An LREST approach does not prevent us from being formal. In fact, specifications will need to define what the JSON objects that are exchanged over LREST look like (note that I am assuming JSON to the protocol's syntax rather than XML, as it is much easier to process from JS and fits the requirements).
Two formalisms could be used: WebIDL or JSON Schema. Neither has been finalised. JSON Schema is more powerful but WebIDL is better known and more supported in tooling. We would also need to define how unknown properties are expected to be treated and how implementers are supposed to make extensions. Common serialisations for some frequently needed types (such as Dates) may be needed.
Some API calls require filtering, for instance to find a given contact by its full name. This could be defined using JSON Query, with the caveat that it is not currently well specified.
These could be out of scope (as described above), or a comet protocol could be used.
One aspect that isn't covered in the Geolocation examples is creation of a new object for storage. This could be done rather naturally using POST and PUT requests.
The level of indirection involved in using LREST raises performance and integrability concerns. While translation between native representation and Javascript objects has a non-negligible cost, it will be lower than that involved in resolving a URI (even if opaque) to a service, and producing the JSON representation (which will then have to be parsed...) for the same object.
This issue could be partly alleviated by having a responseJSON field available on
XMLHttpRequest objects under certain conditions, and only serialising if responseText
is requested. Protocol overhead should not be a major issue as most of it can be emulated away (i.e.
skipped) though one would have to look at each specific header supported by XMLHttpRequest to
make sure that it would not cause particular issues (notably semantic clashes when ignored).
Nevertheless integration into existing runtimes needs to be investigated, notably the feasibility for approaches such as PhoneGap to intercept LREST requests and to process them with sufficient efficiency on mobile devices.
Ideally, if the debate continues we would want to benefit from closer evaluation of the feasibility and a rough idea of the performance impact.
John Kemp of the TAG has suggested that the WG merely use REST as a model from which to create conventional JS APIs rather than going all the way to defining a full LREST approach.

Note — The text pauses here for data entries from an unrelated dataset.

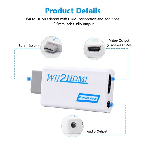 DIFCUL Convertitore da Wii a HDMI, Adattatore wii Hdmi Video Full HD 60Hz 720P/1080P audio da 3,5 mm cavo HDMI da 1,5 m per Tutte le Modalità di Visualizzazione della console Wii, Giochi, TV (Bianco)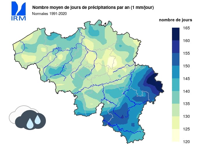 Nombre annuel moyen de jours avec au moins 1 mm de pluie en Belgique (normales 1991-2020) - carte IRM
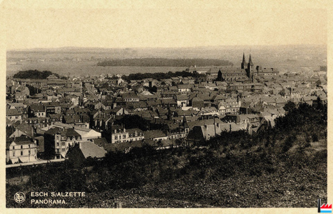 Esch/Alzette - à l'avant-plan la rue d'Audun - vers 1937 (Carte postale: Nels - E.A. Schaack, Luxembourg, N° 18; collection: industrie.lu)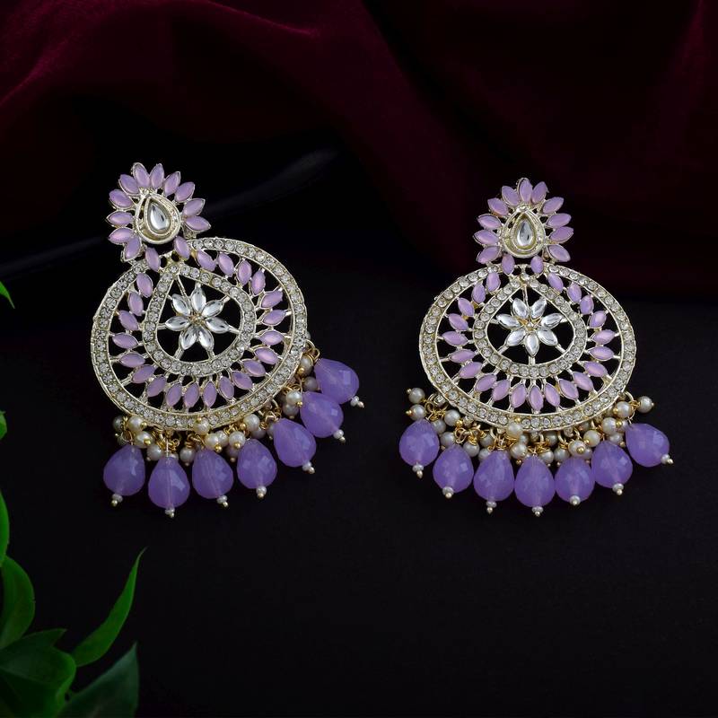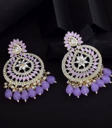 | Product Description | Earring Length: 6.50 Cm X Width: 4.00 Cm | Metal: Alloy With Good Quality Gold Plated | Color: Light Purple | Stone: Kundan & Imitation Pearl | Gross Weight: 34.00 Grams | Package Content: 1 Pair Of Earrings | Back Finding: Post With Friction Back X Earring Style: Dangle |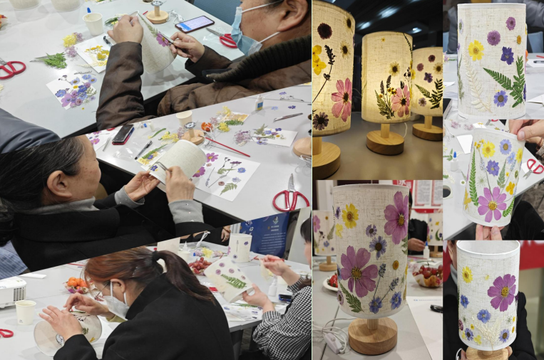 经过一个多小时的努力,一盏盏独一无二的压花台灯展现在大家面前。大家互相交流制作心得,并迫不及待地拍照分享自己的作品,现场欢声笑语不断,其乐融融。

This idea has issues similar to those in Steve Lewontin's interesting suggestion to model at least some of the APIs (probably the same set as selected here) as databases in that it doesn't cleanly account for subscriptions, but it does have the advantage of a more readily defined querying system (given the pains of agreeing on some form of SQL).
This may indeed be an option, though how it will be exposed in specifications or how it is to be evaluated against proposed API designs would still need to be decided.